▼

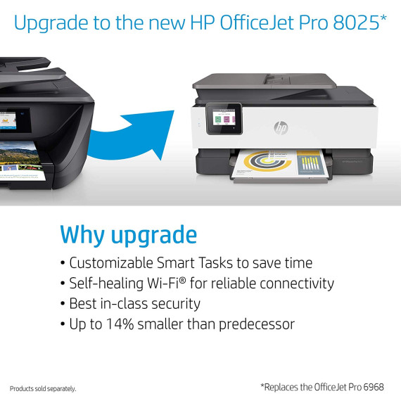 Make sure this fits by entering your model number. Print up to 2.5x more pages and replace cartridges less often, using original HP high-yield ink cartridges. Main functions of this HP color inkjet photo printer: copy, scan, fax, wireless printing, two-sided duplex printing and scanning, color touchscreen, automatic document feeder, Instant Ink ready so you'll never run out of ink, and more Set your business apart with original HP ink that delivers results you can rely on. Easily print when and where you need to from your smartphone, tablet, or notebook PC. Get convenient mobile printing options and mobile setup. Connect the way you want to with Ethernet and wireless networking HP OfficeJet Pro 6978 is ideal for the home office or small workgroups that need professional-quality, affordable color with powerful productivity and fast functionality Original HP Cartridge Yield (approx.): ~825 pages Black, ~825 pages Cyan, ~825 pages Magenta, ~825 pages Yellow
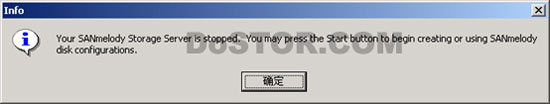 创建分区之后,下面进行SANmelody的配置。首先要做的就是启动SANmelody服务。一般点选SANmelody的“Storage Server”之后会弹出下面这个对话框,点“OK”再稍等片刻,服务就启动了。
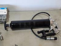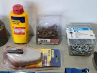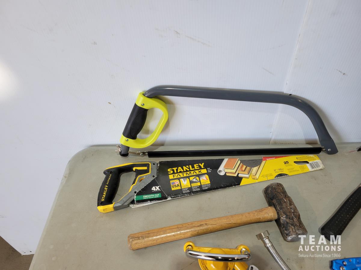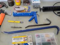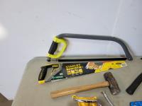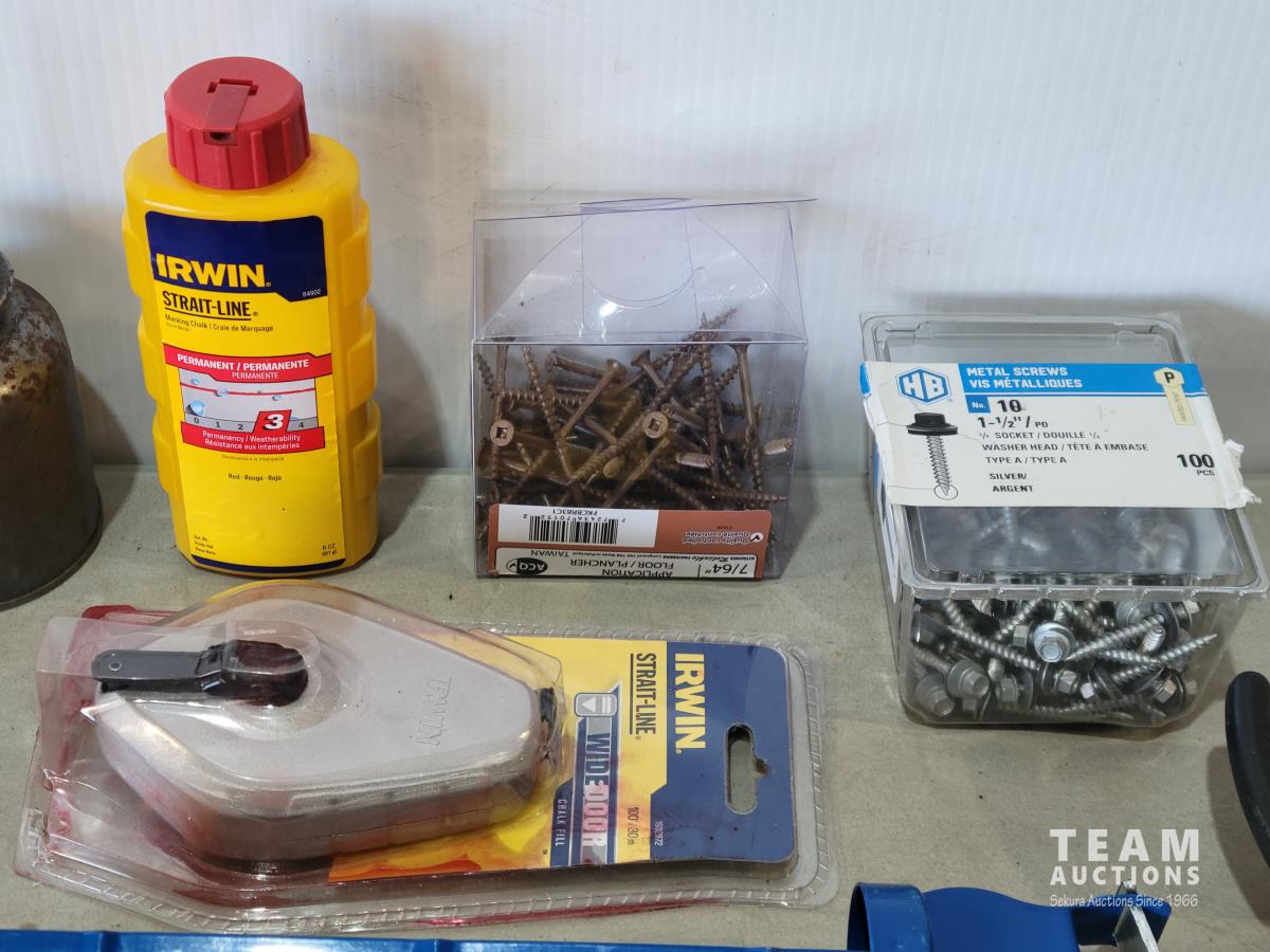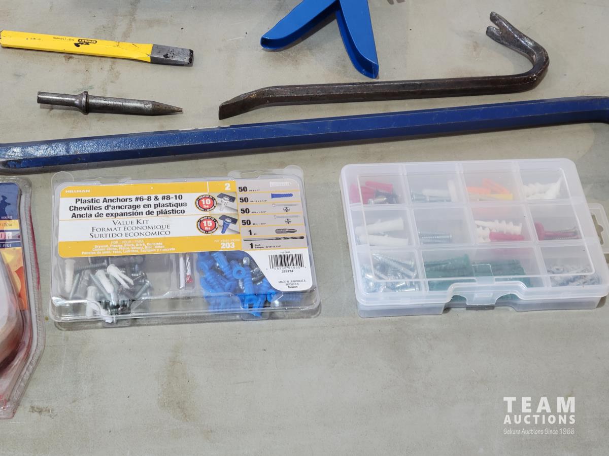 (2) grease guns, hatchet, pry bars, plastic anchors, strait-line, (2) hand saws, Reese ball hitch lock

▲

Write out the material above once more, word for word. Images stay out.

# WORKED SOLUTION
 Make sure this fits by entering your model number. Print up to 2.5x more pages and replace cartridges less often, using original HP high-yield ink cartridges. Main functions of this HP color inkjet photo printer: copy, scan, fax, wireless printing, two-sided duplex printing and scanning, color touchscreen, automatic document feeder, Instant Ink ready so you'll never run out of ink, and more Set your business apart with original HP ink that delivers results you can rely on. Easily print when and where you need to from your smartphone, tablet, or notebook PC. Get convenient mobile printing options and mobile setup. Connect the way you want to with Ethernet and wireless networking HP OfficeJet Pro 6978 is ideal for the home office or small workgroups that need professional-quality, affordable color with powerful productivity and fast functionality Original HP Cartridge Yield (approx.): ~825 pages Black, ~825 pages Cyan, ~825 pages Magenta, ~825 pages Yellow
 创建分区之后,下面进行SANmelody的配置。首先要做的就是启动SANmelody服务。一般点选SANmelody的“Storage Server”之后会弹出下面这个对话框,点“OK”再稍等片刻,服务就启动了。
 (2) grease guns, hatchet, pry bars, plastic anchors, strait-line, (2) hand saws, Reese ball hitch lock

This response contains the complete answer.